А Катя вспомнила слова тетки Алисы Астаховой: есть вещи, о которых не прочтешь ни в учебниках истории, ни в старых газетах, ни в научных исторических трудах. Эти вещи – в памяти семей, таких, как наша.
– Это ваша защитная реакция. – Мещерский наконец-то нашел нужное определение.
– При всей чудовищности истории, я Алису Астахову, как никто, понимаю, – сказал Лужков. – Она с девяти лет от своей бабки-пьяницы Авроры, бывшего директора фабричного, семейную сагу слышала и отравилась ею, как стрихнином, на всю жизнь. А я лет с восьми от своего деда-генерала, алкаша, вертухая лагерного, слыхал такие вот истории. Ну, может, в них только в котлах не варили на мыло. А про расстрелы-то заключенных мой дед со смаком рассказывал. И все там в одну кучу, в одну могилу валилось: беляки, кулаки, враги народа, космополиты… Алиса психопаткой стала, подругам своим жизнь и психику покалечила. А дед так моего отца воспитал на этих рассказах своих, что тот пулю себе в мозги в конце концов засадил. А я, внучок, таблетки вон горстями жру. Скажете – токсикоман? Алиса – психопатка, в детстве – садистка. А я токсикоман.
– Чудовищная семейная история в подростковом сознании интерпретировалась в детскую игру, в которой не было места жалости, – сказал Мещерский. – Это стало причиной одного преступления – против Лизы Апостоловой, и оттуда ниточка тянется и к убийству Мельникова. Тут все как раз по законам логики.
– Да, почти все вроде логично, – согласился Лужков печально.
– Почти? – спросила Катя. – Как там, кстати, у следователя?
– Эти двое, Елена Ларионова и Светлана, полностью подтвердили свои показания на протокол. Дело о похищении Апостоловой Лизаветы подняли из архива. Ее с матерью сегодня утром к следователю привозили. Мать в шоке. Лизавета молчит. Алису Астахову задержали на несколько суток.
– А что насчет почти?
– Кое-что никак не сходится. Хотя логика вроде и торжествует.
– Алиса в убийстве Мельникова не признается, – догадался Мещерский. – Напрочь все отрицает.
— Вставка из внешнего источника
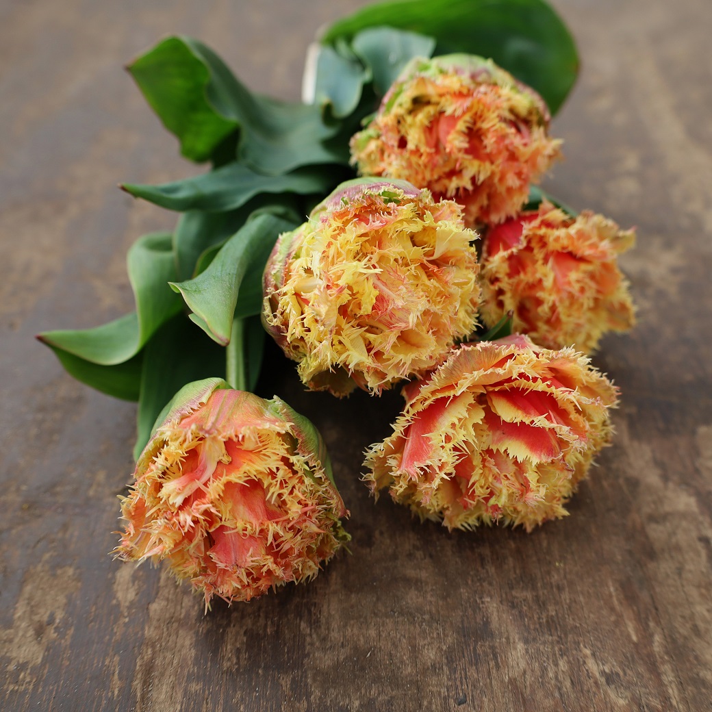 En mix där den mer klassika tulpanformen i Passio Sweet möter det lite mer vågade i Brisbane med sina fransiga blommor och skiftande toner av gult, orange och aprikosa toner. En vågad mix med aprikosa toner.

– Вот именно. – Лужков кивнул.
– Так это все убийцы. Ничего нового.
– Показания Елены и Светланы – ее подруг – подтверждены материалами дела о похищении двадцатилетней давности. Но нет никаких прямых улик, подтверждающих виновность Алисы в убийстве Мельникова. Все, что подруги рассказали, это… Это впечатляет, это ужас вселяет. Но с точки зрения уголовного процесса это ведь все косвенное. Да, у Астаховой в квартире нашли телефон Мельникова и его ключи. А она не отрицает, что он был у нее. Был и ушел после ссоры. Поди докажи обратное – никто не видел, как Алиса догнала его там, в Андроньевском проезде, и ударила по голове, убила. Она уперлась и твердит: нет, нет, нет. С Лизой Апостоловой – да, было. Это мы сотворили. Признаю. Но там по любому обвинению – похищение несовершеннолетней, развратные действия, оставление в беспомощном состоянии, истязание – там они все вчетвером на тот момент даже не достигли возраста уголовной ответственности. Девчонки и пацан двенадцати и тринадцати лет. И срок давности прошел. Так что на этом дело и обвинение не построишь. Алиса же утверждает, что Мельникова она не убивала.
– Я ей не верю, – сказал Мещерский. – После всего того, что мы знаем об истории ее семьи, об истории всех этих женщин их рода. Я ей не верю.
– Есть и еще одна нестыковка помимо ее непризнания, – сказал Лужков.
– Какая? – тихо спросила Катя.
– Повреждение половых органов Мельникова.
– Столько же говорили о скопцах, о секте!
– Скопцы и раны Мельникова – разные вещи, – заметил Лужков. – И если твердо отстаивать версию о том, что его убила именно Алиса – из страха, что он может проговориться о страшной истории их детства, – то как раз этот факт – повреждение половых органов – не вписывается в общую картину. Символическая кастрация? А зачем было Алисе проделывать это со своим любовником, а? Для чего? Вот у секретарши, которой Мельников изменял, имелся психологический мотив на такой поступок. У Алисы – нет, ни малейшего. А вот у других…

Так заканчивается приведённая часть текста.